# [Exercise prompt]
No picture belongs in the answer, which must hold exactly the lines from the one with "Conjunto de libretas" through the final line below.

# [Given data]

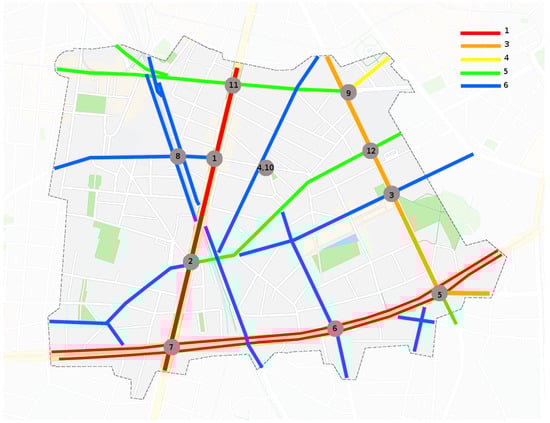 The Functional Road Classification (FRC) is used to classify roads into homogeneous classes depending on their role in a transportation network [17]. This classification determines the type of use of each road, for instance, as it differentiates between major roads that experience heavy traffic from a variety of O/D pairs, and minor roads which are inside of a residential area and experience light traffic only. Figure 3 shows the FRC of each road of the considered zone of Grenoble, and Table 1 shows each class description (Source: https://developer.tomtom.com/traffic-stats/support/faq/what-are-functional-road-classes-frc, accessed on 29 June 2021). Roads that are not colored in the figure have class 7.
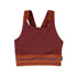 Solid burgandy exercise top with a bronzey bottom band and straps with text "run # jump # dance #speed # molo" repeating. Features HEIQ smart temp technology that keeps little ones comfortable while being active. Pair with these snow leopard pants or the matching pants for a coordinated look.
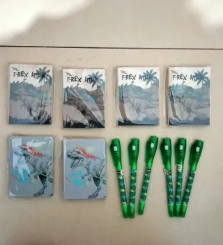 Conjunto de libretas y bolígrafos con diseño de dinosaurios. - 6 libretas con temática T-Rex. - 6 bolígrafos de tinta verde con detalles de dinosaurios. Los joligrafis tiene luz ultravioleta
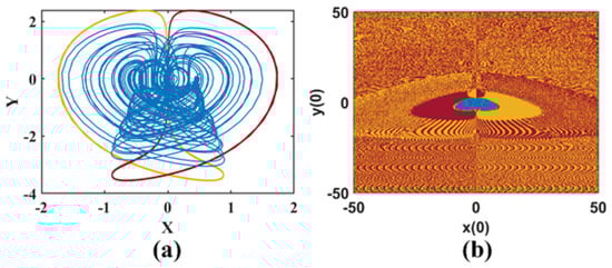 Coexisting attractors of CSCF8 with a = 1, b = 1 and their corresponding basins of attraction: (a) coexisting periodic and chaotic states. ICs = [−1, 1, −1] (blue), ICs = [1, 0, 0] (red), ICs = [−1, 0, 0] (yellow). (b) Basin of attraction in the x(0)–y(0) plane (z(0) = 0).

# [Solution for this exercise]
 Conjunto de libretas y bolígrafos con diseño de dinosaurios. - 6 libretas con temática T-Rex. - 6 bolígrafos de tinta verde con detalles de dinosaurios. Los joligrafis tiene luz ultravioleta
 Coexisting attractors of CSCF8 with a = 1, b = 1 and their corresponding basins of attraction: (a) coexisting periodic and chaotic states. ICs = [−1, 1, −1] (blue), ICs = [1, 0, 0] (red), ICs = [−1, 0, 0] (yellow). (b) Basin of attraction in the x(0)–y(0) plane (z(0) = 0).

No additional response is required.